If there's one default I have to take care of as an trade-off, I'm definitely in. This default having been changed by Google is the least of the webs problems. Trust a professional Webdev on this one.
My two eurocents.
We suffer more in our imagination than in reality. - Seneca
Google are working to make the web a better place for me, an end user. And, as an end user, I can only see this as being a good thing.
Not in any sort of stable API... like HTML / Javascript are supposed to be. Especially since javascript doesn't support named arguments (like myFunction(a=12, b=14) ), so it's not safe to just "always pass the third argument as 'false'" when different browsers, implementations, and even different versions therein may have a different third argument (since it's not part of the standard).
A "Sane" way to do this would be to create a new method, or a new call. Like, if ( object.addEventListenerEX ) { object.addEventListenerEx(...., false) } else { object.addEventListener(...) }. But they didn't do this. Just more of how internet explorer made the web so horrible, google has taken over that department.
javascript doesn't care. You can pass an infinite number of arguments in the caller, and it always works. The language was designed thus-so so be extensible.
Try it yourself, in firefox type control+shift+k.
In the console do this:
function blah(x) { return x; } blah("hello", "ALL", "OF", "THIS", "IS", "IGNORED")
And you'll get no error, just "hello" as expected. The problem is that if firefox adds a third argument which has a completely different meaning than the third argument in chrome, then you need complex version testing all over the place. This is why it's better to add a new function than to rely on optional arguments.

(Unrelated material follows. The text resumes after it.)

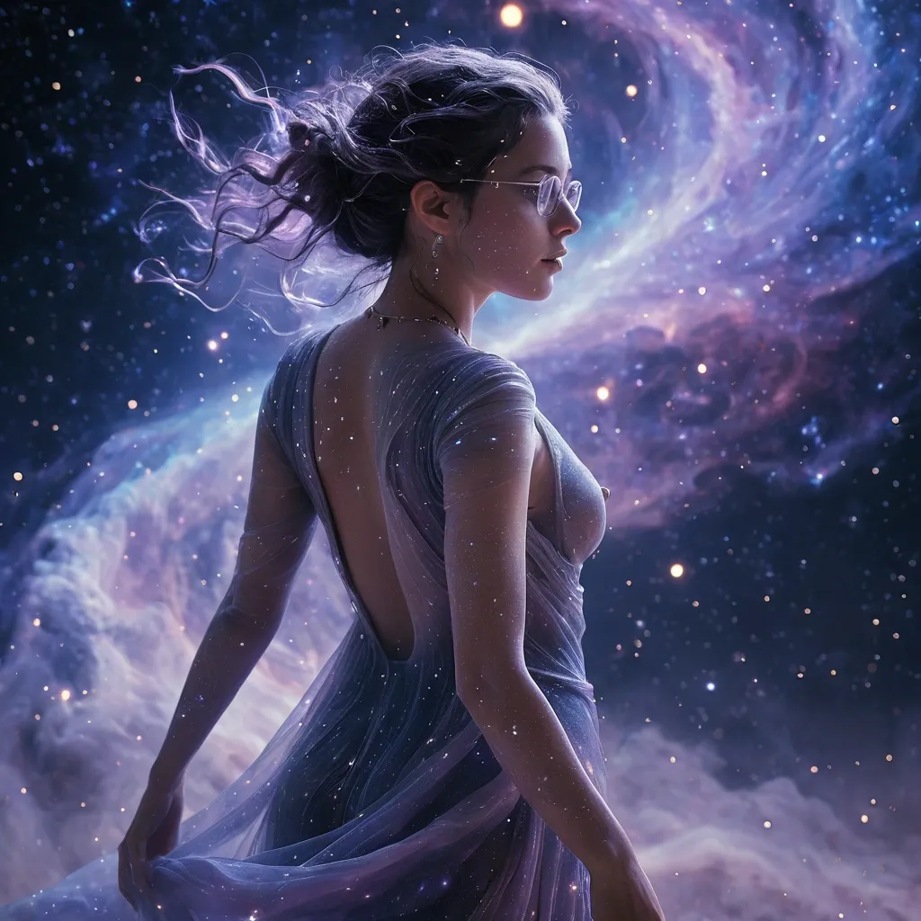 Ultra-detailed cinematic fantasy portrait of a confident woman standing in a vast galaxy environment filled with swirling nebula clouds , luminous constellations , drifting stardust , and deep cosmic blues , violets , and magentas. She stands sideways with graceful posture , her body angled away while she looks back over her shoulder toward the camera with a calm , powerful expression. Use the uploaded photo as facial reference. Preserve her natural face shape , eye spacing , nose structure , lip fullness , skin tone , and expression. Keep her glasses , necklace , and piercings visible. Maintain realistic skin texture and natural lighting. Her “dress” is formed entirely from living stardust and flowing nebula light. The cosmic material wraps and cascades around her like a celestial current , appearing organic and weightless rather than fabric. It glows softly and moves like illuminated mist , subtly revealing her silhouette beneath the shimmering layers without looking like clothing. Fine particles of light trail behind her as if gravity barely affects them. Highly detailed , sharp focus , soft cosmic glow , volumetric lighting , cinematic depth of field , radiant highlights , rich contrast , ethereal atmosphere , 8k resolution , professional fantasy photography style. ,

Chrome broke Chrome. I changed to Firefox.
Only boring people are ever bored.
At this point I can count on Wunderground to be broken more than 50% of the time. Differently on different days, at different times of day, and on different clients, but broken most of the time. (Trying to change a display preference? Scroll through times in the 10-day forecast view? Select conditions from a controlled (airport) station instead of a random PWS sitting in someone's backyard next to their dryer vent? "We'll be rolling out an update in a couple of months.")
But not to worry. They're maintaining a steady pace of innovation, and soon they'll be broken 100% of the time on all clients.
That's why Google rolled out Chrome. Otherwise what's the purpose of Chrome when we have many Open source browsers?
Casteism
Years ago, websites were designed so that they rendered properly with Internet Explorer. Microsoft didn't have to follow any standards because they had the most widely used browser and Fuck You if you don't use IE.
Now Chrome is the most widely used browser and Google has decided to become the new Microsoft.
And they fuck that up by not breaking the web for everybody else, but only for those who use Chrome to visit those sites that expect the behavior every other browser still has. New motto: too dumb to be evil.
Of course news about a fake are Fake News.